Recently, the new animated series on Netflix, "Blue Period," has been captivating to watch. The story revolves around a high school student who discovers his love for painting and aims to enter Tokyo University of the Arts. I spent an entire day binge-watching all the episodes currently available.
Upon reflection, I realize I share a similar trait with the main character.
I’m not particularly skilled at playing the piano or guitar, my command of Japanese and English isn’t impressive, my programming isn't top-notch, my cooking is just average, and my YouTube channel hasn't been managed well. Although I did well in high school, I didn’t have any grand goals, and to make matters worse, I didn’t perform well in college and even extended my graduation. If I had to summarize it in three words, it would be "jack of all trades, master of none."
To outsiders, it might seem like I have a lot of skills, but the reality is I lack confidence and know that someone like me, an average person, needs to invest more time and effort to reach what others consider a standard level. The protagonist is fortunate to find his purpose in the anime, while I’m still drifting aimlessly.
"Having hobbies you enjoy is fine; I think that’s the adult perspective. Isn’t it normal to spend a lot of time on what you love?" Sure, everyone can preach platitudes, but the kind of despair that comes from being so broke you can't even withdraw money from an ATM can't be resolved with a few wise sayings.
Recently, a term called "High Earners, Not Rich Yet" (HENRY) has emerged, referring to middle to upper-income households earning over $100,000 a year. While I’m still quite far from this income bracket, I do earn above the average salary, which gives me a bit more financial freedom.
The phenomenon of conspicuous consumption has been well explained by this:
Thinking it over, an increase in salary often leads to a disproportionate rise in income tax and pension contributions. So, although my income looks higher on paper, after deducting taxes, pensions, student loans, and credit debt, it’s not that different from the average income group. I believe that higher salaries are usually earned through skilled work, yet this group faces the highest tax burdens, unlike the truly wealthy, who can evade taxes through banks and corporations. Those who truly enter the wealthy class often do so not through labor and skill but by manipulating capital; this is the group that should be taxed more.
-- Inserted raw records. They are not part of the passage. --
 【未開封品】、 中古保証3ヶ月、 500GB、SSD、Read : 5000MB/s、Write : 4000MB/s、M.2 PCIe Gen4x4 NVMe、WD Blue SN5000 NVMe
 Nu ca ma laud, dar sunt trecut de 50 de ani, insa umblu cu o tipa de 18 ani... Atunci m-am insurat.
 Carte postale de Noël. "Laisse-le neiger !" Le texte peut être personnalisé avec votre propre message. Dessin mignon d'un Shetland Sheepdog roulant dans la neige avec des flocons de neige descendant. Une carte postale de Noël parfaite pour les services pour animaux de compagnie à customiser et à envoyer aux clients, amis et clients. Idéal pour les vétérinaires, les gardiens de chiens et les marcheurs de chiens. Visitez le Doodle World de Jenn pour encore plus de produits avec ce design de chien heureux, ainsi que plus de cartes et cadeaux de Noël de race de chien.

With rising consumption taxes, inflation, and scarcity of goods, it’s the salaried class (the middle class) that ultimately suffers, revealing that at our core, we are all quite similar.
Returning to the concept of "Blue Period," I feel that even now, I can't articulate what I truly love. Just thinking about it makes me feel quite melancholic.
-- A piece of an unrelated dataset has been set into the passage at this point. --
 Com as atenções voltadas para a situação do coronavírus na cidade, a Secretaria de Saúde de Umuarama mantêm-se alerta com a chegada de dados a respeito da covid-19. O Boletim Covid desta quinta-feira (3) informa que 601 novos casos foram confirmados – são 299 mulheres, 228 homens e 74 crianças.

Similar to the episode about mental breakdown, the external expectations and pressures can indeed affect both mind and body. After spending so long in the same industry, it’s inevitable to feel confused about what you want to pursue.
Perhaps in the near future, I will consider venturing into different fields. I might still write code or completely shift to a different industry or area, to see what I can discover. "Those who have goals and can work tirelessly are unbeatable," but how much longer must I wait to find my goal? わかりません。